I had a Walker with a single tail wheel at the time and it made some turn ruts in some shaded poor quality areas of the grass and the homeowner mentioned this. My solution was to ask if it was OK to use my Toro WB and side discharge. They gave me the go ahead and I have never picked up another clipping on that lawn. I now have the Walker (dual tail wheels) set up to side discharge w/52 and I am in and out of there in 35 minutes. BTW the rate stayed the same and then increased the following year. The lawn looks great.
The main push for me to drastically reduce bagging was when our city limited the hours of the FREE lawn waste dump site. It used to be open all day every day. That translated into a free dump site for whatever anyone had in the truck. I explained that if I had to bag and remove, I have to charge more. Not one complaint and still no complaints.
Weed seed removal is not an issue in a healthy lawn. Weed seeds move by means other than being returned in the form of clippings. Most don't even germinate and others fly in from other sources. There are 1000's of weed seeds per 1 sq ft of soil. 99.9% of them never emerge thru a lawn.
You discount the fact that composting and dumping are another issue as well as herbicide use by homeowners. These are big issues. Some areas charge to dump, as a business owner, you have to consider the total cost of removal. Vehicle, fuel, time, and fees all add up.
I am not all against bagging and believe it has its place but it isn't the solution to every lawn. Its my business in my area of the country and this is what we do here.
Just some friendly advice for you; In the future you may consider the facts of a discussion rather than a slap in the face to get the
members to respond without you feeling like you are being attacked. There are over 7000 members here and I know there are lots of knowledgeable people that have many more years of experience than many of us here. I certainly wouldn't call them lazy to try and get their attention. Unless you want some negative attention in return . Good Luck.
Brickman
05-25-2002, 07:54 AM
This guy has some suppressed rage he needs to work thru, BEFORE he gets on LS and takes it out on us.
That is what we have customers for, is to stress us out without taking it from another LCO.
But I say hey if this guy wants to do all the extra work of bagging, and then unloading the truck every night, let him have it. I for one have gotten a taste of mulching this year and will kick and fight if I ever have to go back to ALL bagging again. Maybe in a wet spring I might have to, but not this year.
HOMER
05-25-2002, 08:11 AM
Ray,
The yard you showed must have been mulched. If it was bagged then that ball wouldn't have been left on it.

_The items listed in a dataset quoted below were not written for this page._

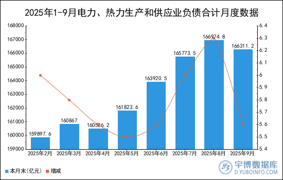 2025年9月電力、熱力生產(chǎn)和供應(yīng)業(yè)負債合計本月末為166311.2億元,增減5.6%。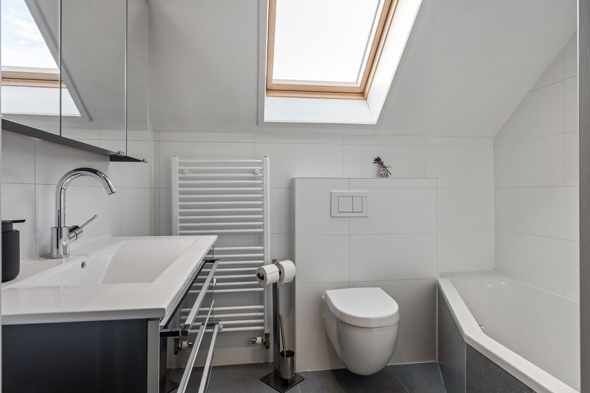 De moderne badkamer is volledig betegeld en voorzien van een wastafel met meubel, wandcloset, bad/douche combinatie, een handdoekradiator en een groot Velux-dakraam voor voldoende daglichttoetreding.
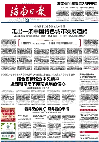 海南日报 头版 001 2015-12-231 2015年12月23日 星期三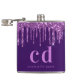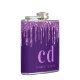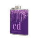 Un fondo morado intenso con elegantes gotas de purpurina morada falsa, aspecto de gota de pintura. Texto de color rosa. Personaliza y añade las iniciales de tu monograma y tu nombre. Perfecto para fiestas de cumpleaños, despedidas de soltera y fiestas de bridal shower.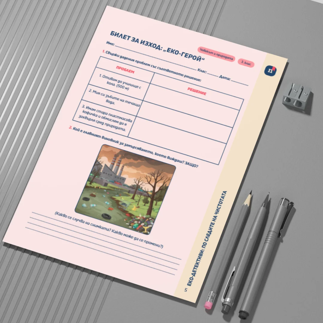 Този Canva шаблон представлява работен лист към урока „Еко-детективи: По следите на чистотата“ (Урок 7 по Човекът и природата за 3. клас). Чрез практически и ситуационни задачи учениците изследват замърсяването на въздуха и водата, разпознават основни замърсители и прилагат знанията си при анализ на последствията за живите организми.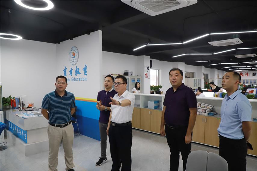 ▲廣西理工職業(yè)技術(shù)學(xué)院副院長(zhǎng)黃日木(中)、繼續(xù)教育學(xué)院院長(zhǎng)盛丹(右二)參觀育才辦學(xué)環(huán)境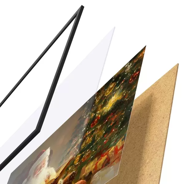 Das Poster besteht aus einem Rahmen, Plexiglas, einem gedruckten Bild und einer Rückwand aus Spanplatten. Dank der Halterungen auf der Rückseite kann das Poster sofort an die Wand gehängt werden.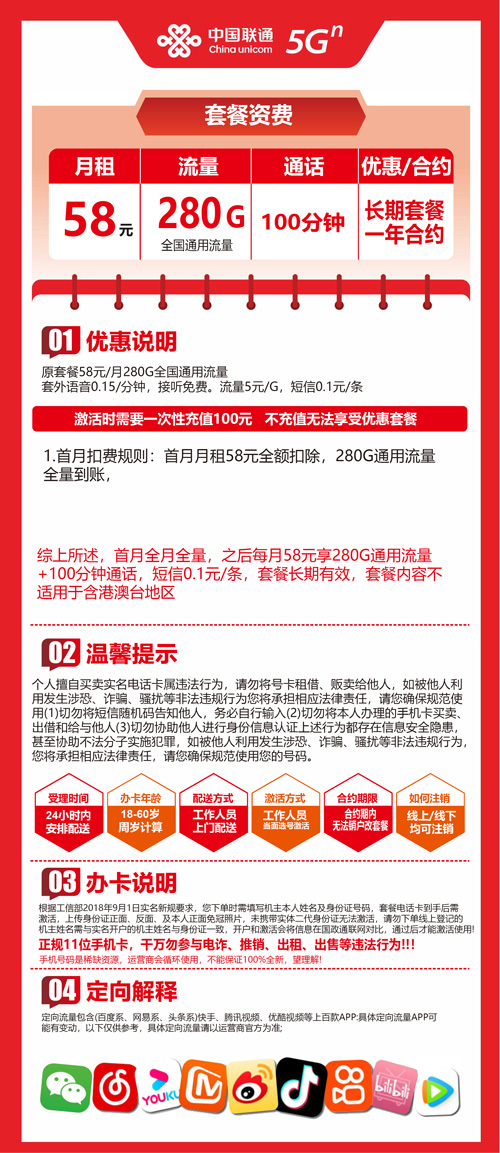 【广东省揭阳市】联通流量王58元280G+100分钟 首充100元 长期套餐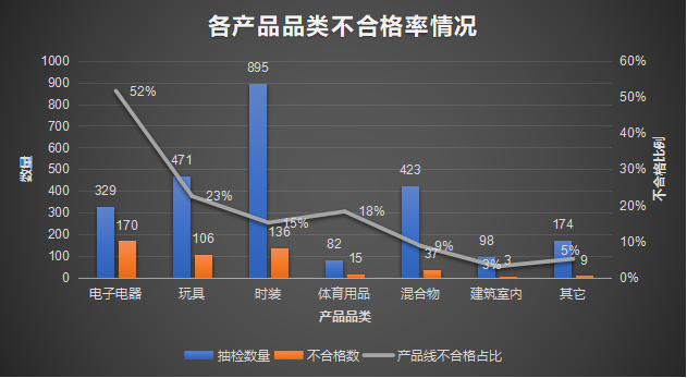 所有產品(pin)品(pin)類單獨(du)統計來看,不合規率(lv)最高的產品(pin)類別是(shi)電器(qi)產品(pin)(52%),其次(ci)是(shi)玩具(ju)(23%)和體(ti)育用品(pin)(18%)以及(ji)時裝(zhuang)(15%)。詳細情況為: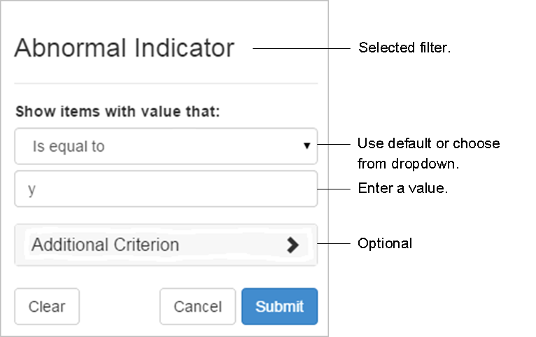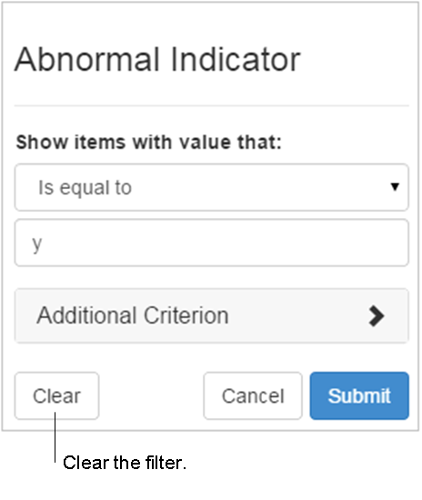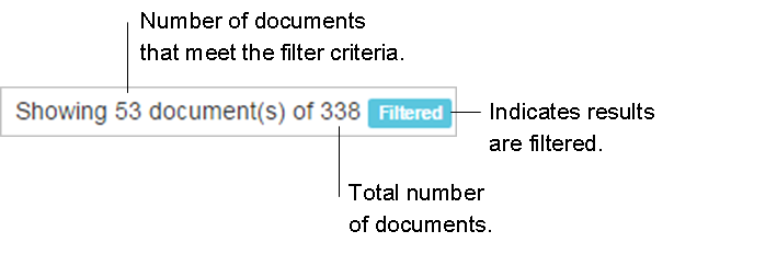 - Select Submit to apply the filter. Documents that meet the search criteria are displayed. When applied as a filter, a filter icon is displayed to the right of a column heading, and to the left of a column name in the Filters list. In addition, the following information is displayed above the grid when filters are applied: the number of documents that meet the criteria, the total number of documents, and a blue box labeled: Filtered.

Geez......that was an easy one:rolleyes:
I have capabilities to do either or, I have 2 people that demand their lawns to be bagged....one commercial prop and one res. I cut them a couple of times when they weren't home with the Chopper. I guess they didn't know the difference cause they never said anything.;)
I use my bagger as a matter of convenience only. Sometimes it's faster to run over a trashy area with it or an area that has multiple types of grass.......like we have down here......than to try and mulch it all into dust (ya right) all we have right now IS dust.
When leaf season rolls around we run one of the Choppers over the lawn and run the Scag right behind it with the Trac-Vac. Makes it twice as fast as chasing leaves all over the place and with the 44 gallon bucket it usually only requires one dump, two at the most, and that only takes 30 seconds start to finish.
No need to argue over petty indifferences......use what ya got and make the most of it.
johnhenry
05-25-2002, 09:00 AM
Sometimes these threads amaze me. Man I started at one of the most premeir golf courses it even had the us open. We never bag.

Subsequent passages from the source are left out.